Przez trzy najgorsze lata kryzysu przeciętna rodzina z amerykańskiej klasy średniej straciła 40 proc. życiowego dorobku – wynika z raportu Systemu Rezerw Federalnych, czyli centralnego banku USA

Opublikowany właśnie raport wyjaśnia, dlaczego kryzys wywołał takie przygnębienie w USA. Europejczycy często nie rozumieją lub nie doceniają skali tego zjawiska, bowiem np. bezrobocie na poziomie 8 proc. – które w Ameryce wywołuje wielkie lamenty – dla wielu krajów UE byłoby oznaką prosperity, a nie stagnacji.

Okazuje się, że przez trzy najgorsze lata przeciętna rodzina z amerykańskiej klasy średniej straciła 40 proc. życiowego dorobku. W 2007 jej majątek wynosił 126 tys. dolarów, w 2010 – już tylko 77 tys. dolarów. Oznacza to, że cofnęła się do poziomu z 1992 roku (z uwzględnieniem inflacji), czyli ostatnie dwadzieścia lat może – pod względem finansowym – spisać na straty. Głównym winowajcą jest oczywiście krach na rynku nieruchomości, który sprawił, że większość domów, zazwyczaj kupowanych w Ameryce na kredyt, drastycznie straciła na wartości.

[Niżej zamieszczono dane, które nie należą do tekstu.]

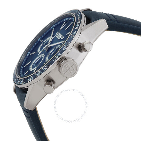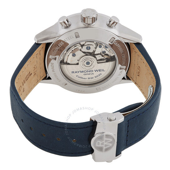 علبة من الفولاذ المقاوم للصدأ فضية اللون مع سوار جلدي أزرق. إطار من السيراميك الأزرق. ميناء أزرق مع عقارب ومؤشرات ساعات فضية اللون. مقياس سرعة الدوران حول الحافة الخارجية. نوع الميناء: تناظري. عقارب ومؤشرات مضيئة. حركة أوتوماتيكية من ريموند ويل كاليبر RW5030 مع احتياطي طاقة لمدة 56 ساعة. زجاج من الياقوت المقاوم للخدش. تاج لولبي. غطاء خلفي شفاف. شكل العلبة دائري، مقاسها: 43.5 مم، سمكها: 13.7 مم. مشبك قابل للطي مع مفتاح أمان. مقاومة للماء حتى عمق 100 متر / 330 قدم. الوظائف: كرونوغراف، ساعات، دقائق، ثوانٍ. سلسلة فريلانسر. طراز الساعة الرياضية. علامة الساعة: صناعة سويسرية. ساعة ريموند ويل فريلانسر كرونوغراف أوتوماتيكية للرجال بمينا زرقاء 7741-SC3-50021.

Razem z cenami domów malały też, choć nie tak szybko, pensje. Jeśli idzie o roczne zarobki, to w latach 2007-10 zmniejszyły się przeciętnym Amerykanom o niecałe 8 proc. (z 49,6 tys. dolarów do 45,8 tys.).

Jako przeciętną rozumie się w raporcie Fed na temat stanu finansów konsumentów publikowanym raz na trzy lata rodzinę w samym środku drabinki społecznej – bogatszą niż połowa najbiedniejszych Amerykanów i biedniejszą niż połowa najbogatszych Amerykanów.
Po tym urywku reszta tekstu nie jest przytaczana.